After the ceremony I went back to see how my mom was doing and asked if she wanted to see the memorial in Riverside Park where the ceremony was held.  I took a picture of her there.  She remembered losing her favorite cousin Wilfred in the battle of Iwo Jima and how sad it made her to receive the news that she would never see him again.  I had three uncles serve in World War II only one is still living.

Two great uncles died in World War I one in the Black Forest and the other died a month after the war ended. My grandfather, my mother’s father, survived World War I only to die of a heart attack ten years later.
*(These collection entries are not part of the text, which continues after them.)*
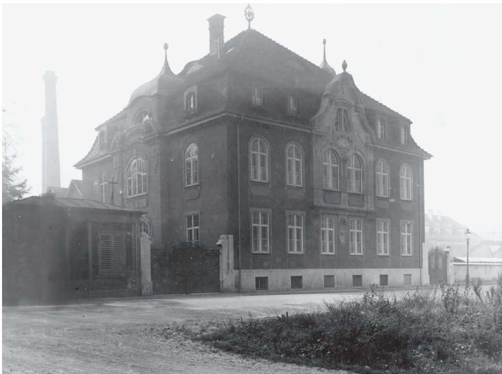
Abb. 2. Basel, Bau 1, die sog. Villa Blume, Verwaltungsbau des F. Hoffmann-La Roche & Co. Pharmaunternehmens, Romang & Bernoulli, 1904/1905
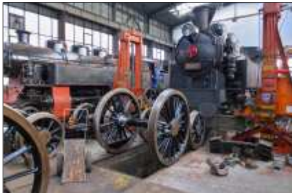
Díky šikovným rukám zdejších pracovníků se bude moci parní mašinka „Všudybylka“ 354.195 po opravě pojezdu vrátit opět brzy na koleje. K radosti (nejen) malých obdivovatelů naší železnice.

Po trase Louny – Žatec – Lužná a zpět se vypraví dne 28. 5. parní vlak na
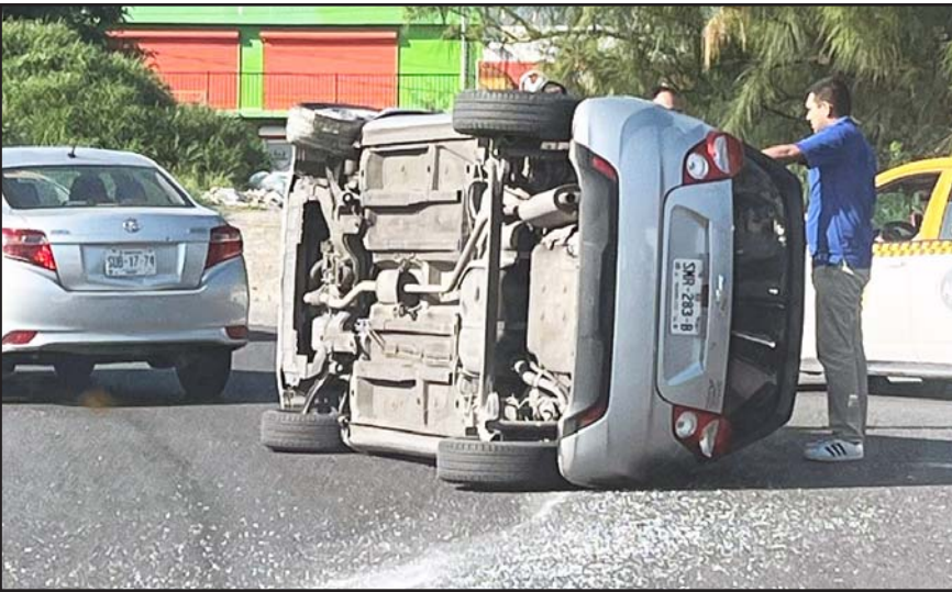
Se registró en Ciudad Solidaridad, en Monterrey.

Por lo anterior, fue detenido y puesto a disposición del Ministerio Público para lo que resulte.

My mom and dad grew up during the depression and were in high school through World War II.  My dad joined the civil air patrol but would never serve in the military because his diabetic condition would keep him out.

After visiting the memorial site, we drove over to Oaklawn cemetery where my father, brother and other Bly relatives are buried.  The place was so green and quiet, so restful, my mom, now 85 asked about friends who had passed away since her last visit, some of them veterans from her generation.

On Sunday, my church celebrated Pentecost and the minister reminded us that Pentecost, the ‘Fiftieth day’, celebrating the giving of the Ten Commandments.  He explained it is the celebration of a covenant, a promise, a sacred trust of the Divine and the people of Moses.  It seems fitting that we celebrate Memorial Day the same weekend as Pentecost, in many ways a similar kind of sacred trust we recognize.  Young men and women offer their service, offer their lives that we might live a life of peace, intent on creating a society that provides opportunity for all and a way of life that is just and true.  Now we must strive to live that way.  It is my hope we can learn to live in such a way that asking this supreme sacrifice of our youth is no longer necessary.